Stored records:
┄┄┄┄┄┄┄┄┄┄┄┄┄┄┄┄┄┄┄┄

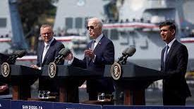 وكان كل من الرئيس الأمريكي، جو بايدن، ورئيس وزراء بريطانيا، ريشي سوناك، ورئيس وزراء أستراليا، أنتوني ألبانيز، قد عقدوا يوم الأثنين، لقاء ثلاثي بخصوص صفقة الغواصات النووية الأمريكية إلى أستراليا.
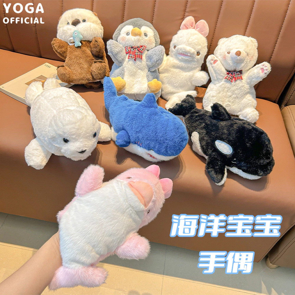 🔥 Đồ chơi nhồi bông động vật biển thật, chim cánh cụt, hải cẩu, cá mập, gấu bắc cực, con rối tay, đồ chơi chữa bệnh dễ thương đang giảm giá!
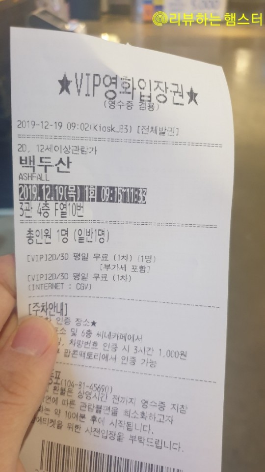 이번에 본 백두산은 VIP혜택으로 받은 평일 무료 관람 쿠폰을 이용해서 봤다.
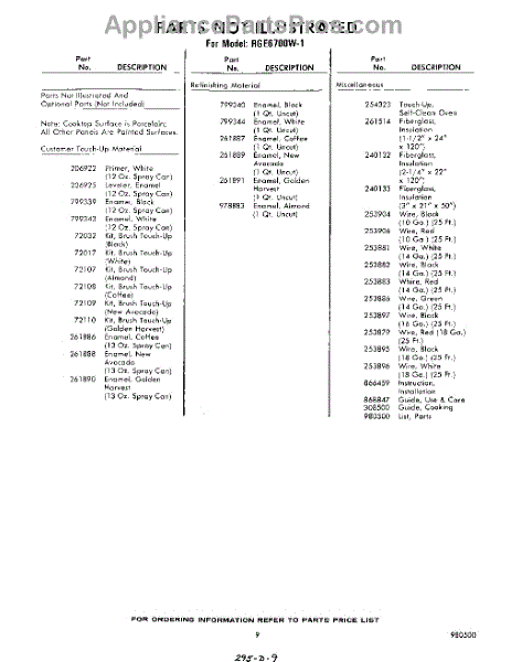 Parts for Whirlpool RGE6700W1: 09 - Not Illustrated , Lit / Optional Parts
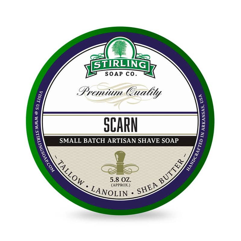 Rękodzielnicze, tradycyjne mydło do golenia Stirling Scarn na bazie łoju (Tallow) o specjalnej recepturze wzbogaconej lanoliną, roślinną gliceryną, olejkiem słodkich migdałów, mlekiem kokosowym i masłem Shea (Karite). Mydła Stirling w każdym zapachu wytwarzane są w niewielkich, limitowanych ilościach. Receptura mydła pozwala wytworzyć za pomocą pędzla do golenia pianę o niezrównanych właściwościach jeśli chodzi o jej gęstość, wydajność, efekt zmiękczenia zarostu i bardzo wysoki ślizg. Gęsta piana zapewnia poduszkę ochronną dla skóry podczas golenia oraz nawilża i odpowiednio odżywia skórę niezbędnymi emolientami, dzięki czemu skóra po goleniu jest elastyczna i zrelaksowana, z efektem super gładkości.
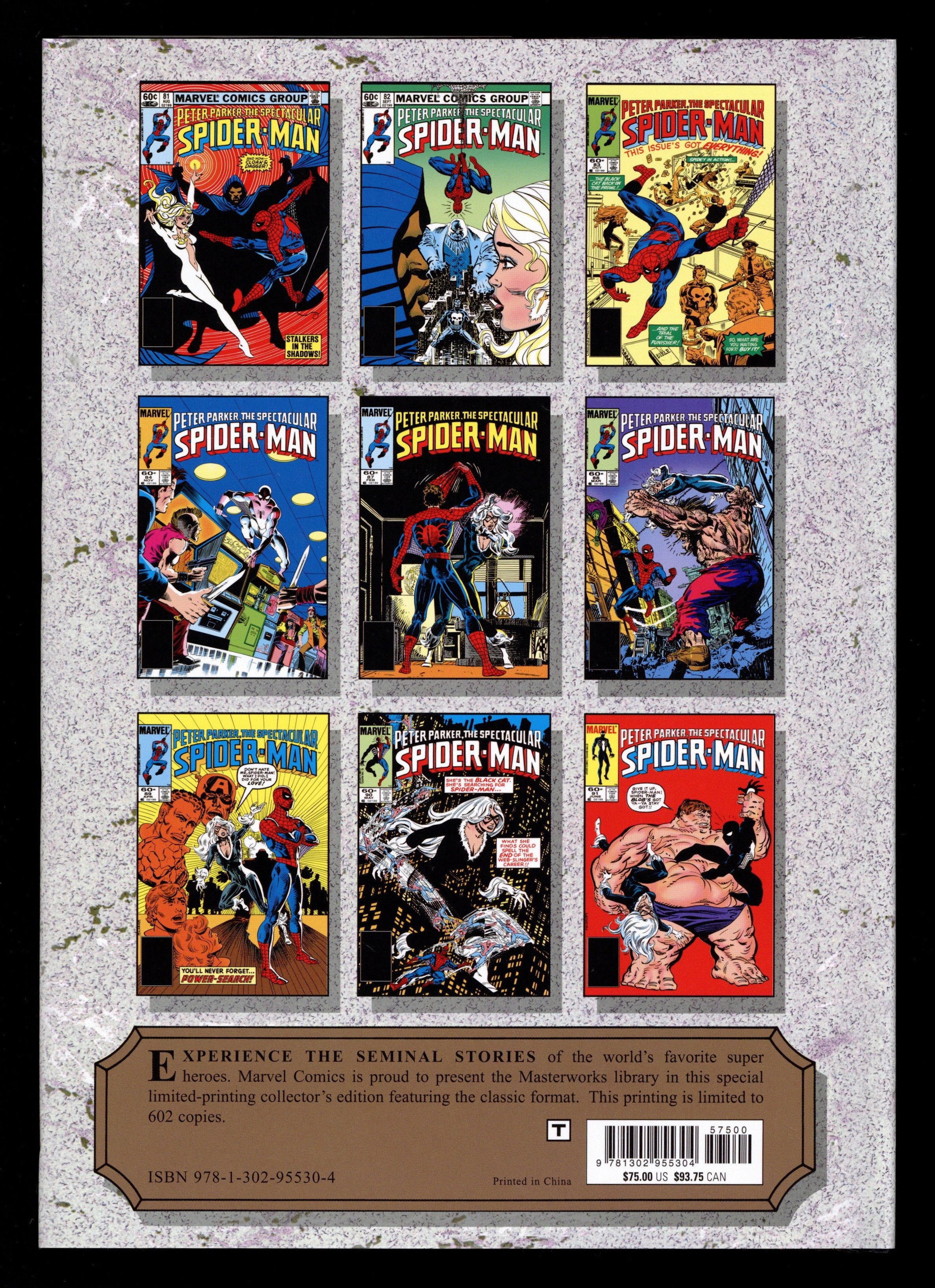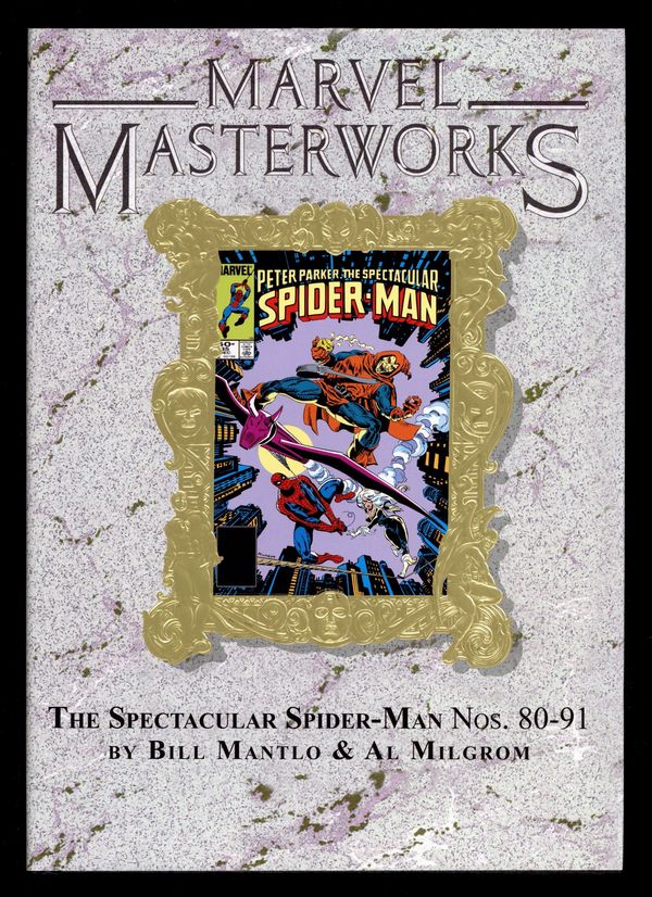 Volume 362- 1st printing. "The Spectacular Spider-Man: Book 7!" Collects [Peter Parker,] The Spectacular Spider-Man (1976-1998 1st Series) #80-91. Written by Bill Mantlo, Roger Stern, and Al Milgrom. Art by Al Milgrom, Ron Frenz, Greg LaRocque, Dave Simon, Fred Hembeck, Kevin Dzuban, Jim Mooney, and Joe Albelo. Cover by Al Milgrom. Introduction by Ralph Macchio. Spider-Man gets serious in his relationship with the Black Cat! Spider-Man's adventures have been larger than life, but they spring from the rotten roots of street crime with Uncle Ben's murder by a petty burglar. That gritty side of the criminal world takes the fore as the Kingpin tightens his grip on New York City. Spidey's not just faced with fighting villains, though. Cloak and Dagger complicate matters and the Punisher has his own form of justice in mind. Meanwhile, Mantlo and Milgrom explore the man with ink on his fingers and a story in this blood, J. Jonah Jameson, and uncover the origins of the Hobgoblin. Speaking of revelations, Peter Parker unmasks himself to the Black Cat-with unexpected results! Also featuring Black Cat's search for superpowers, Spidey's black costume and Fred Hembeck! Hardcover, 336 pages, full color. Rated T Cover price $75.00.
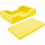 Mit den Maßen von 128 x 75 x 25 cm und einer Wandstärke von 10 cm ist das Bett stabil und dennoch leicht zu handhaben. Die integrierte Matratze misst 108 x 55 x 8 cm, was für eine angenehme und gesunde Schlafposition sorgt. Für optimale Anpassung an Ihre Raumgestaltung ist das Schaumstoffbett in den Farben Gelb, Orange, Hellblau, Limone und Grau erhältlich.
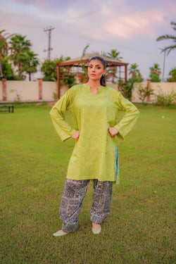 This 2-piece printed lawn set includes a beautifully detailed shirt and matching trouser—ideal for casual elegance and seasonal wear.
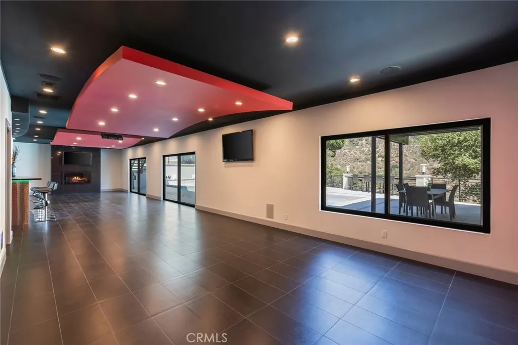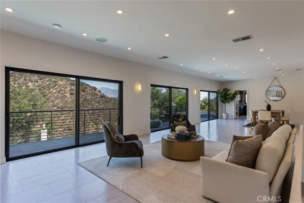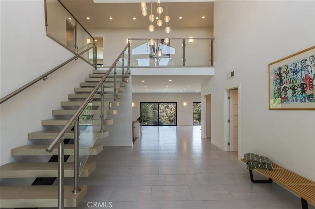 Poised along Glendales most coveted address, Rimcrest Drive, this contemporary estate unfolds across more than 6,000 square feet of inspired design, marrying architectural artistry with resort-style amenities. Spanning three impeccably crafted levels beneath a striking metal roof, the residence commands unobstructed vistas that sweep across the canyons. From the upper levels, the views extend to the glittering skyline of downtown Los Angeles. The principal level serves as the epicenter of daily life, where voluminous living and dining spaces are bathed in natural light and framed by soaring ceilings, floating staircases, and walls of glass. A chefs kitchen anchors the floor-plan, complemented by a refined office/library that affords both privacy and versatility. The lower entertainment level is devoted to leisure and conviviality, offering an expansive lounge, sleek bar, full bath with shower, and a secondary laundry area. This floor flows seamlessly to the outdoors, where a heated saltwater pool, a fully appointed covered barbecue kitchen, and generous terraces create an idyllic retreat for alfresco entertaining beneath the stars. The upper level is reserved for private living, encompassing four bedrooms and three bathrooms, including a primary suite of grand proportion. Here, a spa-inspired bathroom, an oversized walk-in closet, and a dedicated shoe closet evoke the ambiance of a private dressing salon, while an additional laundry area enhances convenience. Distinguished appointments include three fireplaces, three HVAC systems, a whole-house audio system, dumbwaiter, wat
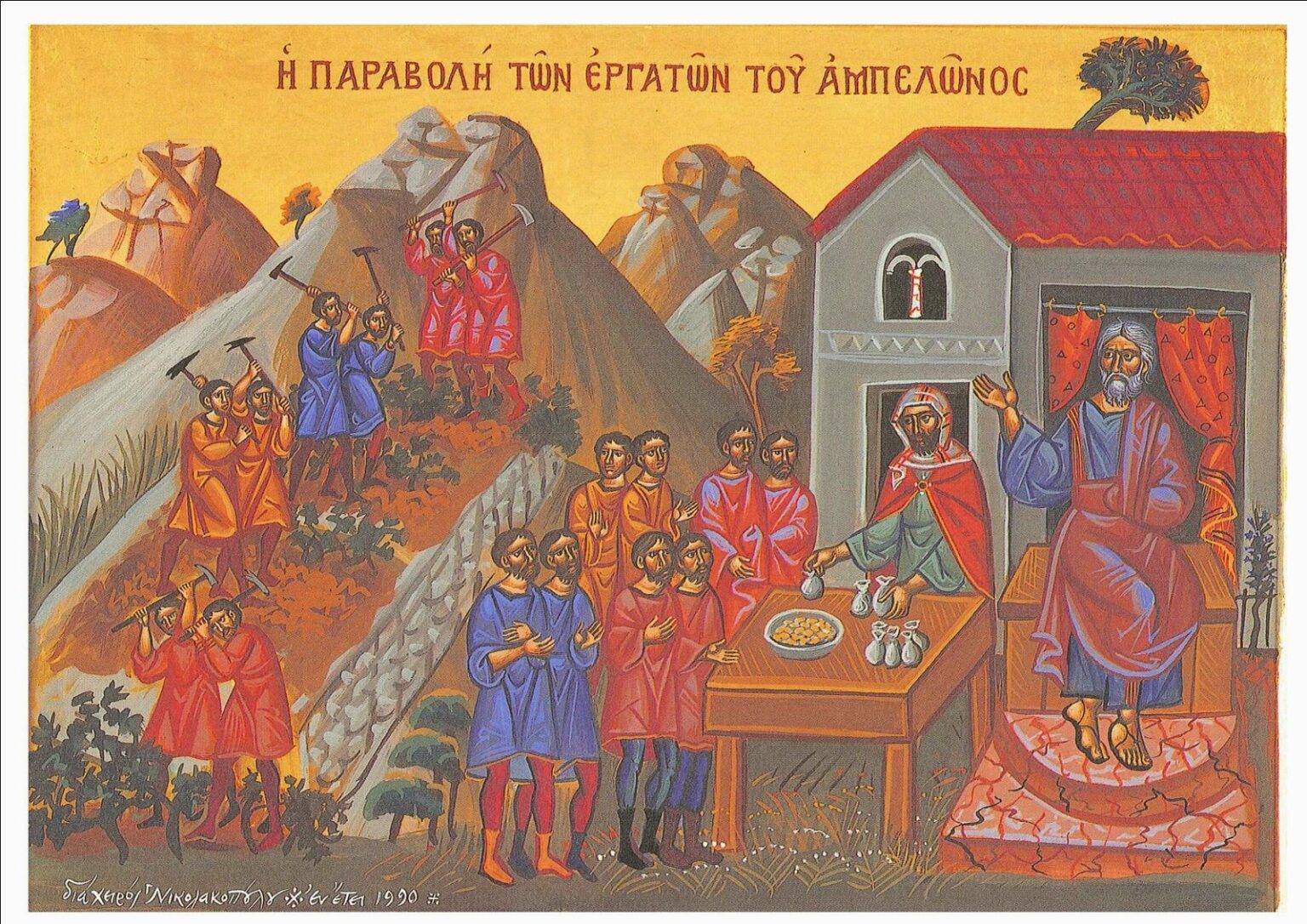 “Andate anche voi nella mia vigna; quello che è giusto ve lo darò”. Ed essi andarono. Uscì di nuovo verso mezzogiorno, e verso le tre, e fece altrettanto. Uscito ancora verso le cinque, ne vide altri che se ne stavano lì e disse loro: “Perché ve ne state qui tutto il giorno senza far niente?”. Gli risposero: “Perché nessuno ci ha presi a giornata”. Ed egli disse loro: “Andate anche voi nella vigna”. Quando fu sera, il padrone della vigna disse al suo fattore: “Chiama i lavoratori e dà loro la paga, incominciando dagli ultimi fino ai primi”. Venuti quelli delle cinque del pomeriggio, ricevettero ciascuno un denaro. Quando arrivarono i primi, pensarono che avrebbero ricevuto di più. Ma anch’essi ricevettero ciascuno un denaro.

┄┄┄┄┄┄┄┄┄┄┄┄┄┄┄┄┄┄┄┄

WHAT IS BEING ASKED: Above are the records; return the lines in them from the one with "đang giảm giá!" to the one with "Rękodzielnicze, tradycyjne mydło", inclusive, exactly and without images.

ANSWER SPACE:
 🔥 Đồ chơi nhồi bông động vật biển thật, chim cánh cụt, hải cẩu, cá mập, gấu bắc cực, con rối tay, đồ chơi chữa bệnh dễ thương đang giảm giá!
 이번에 본 백두산은 VIP혜택으로 받은 평일 무료 관람 쿠폰을 이용해서 봤다.
 Parts for Whirlpool RGE6700W1: 09 - Not Illustrated , Lit / Optional Parts
 Rękodzielnicze, tradycyjne mydło do golenia Stirling Scarn na bazie łoju (Tallow) o specjalnej recepturze wzbogaconej lanoliną, roślinną gliceryną, olejkiem słodkich migdałów, mlekiem kokosowym i masłem Shea (Karite). Mydła Stirling w każdym zapachu wytwarzane są w niewielkich, limitowanych ilościach. Receptura mydła pozwala wytworzyć za pomocą pędzla do golenia pianę o niezrównanych właściwościach jeśli chodzi o jej gęstość, wydajność, efekt zmiękczenia zarostu i bardzo wysoki ślizg. Gęsta piana zapewnia poduszkę ochronną dla skóry podczas golenia oraz nawilża i odpowiednio odżywia skórę niezbędnymi emolientami, dzięki czemu skóra po goleniu jest elastyczna i zrelaksowana, z efektem super gładkości.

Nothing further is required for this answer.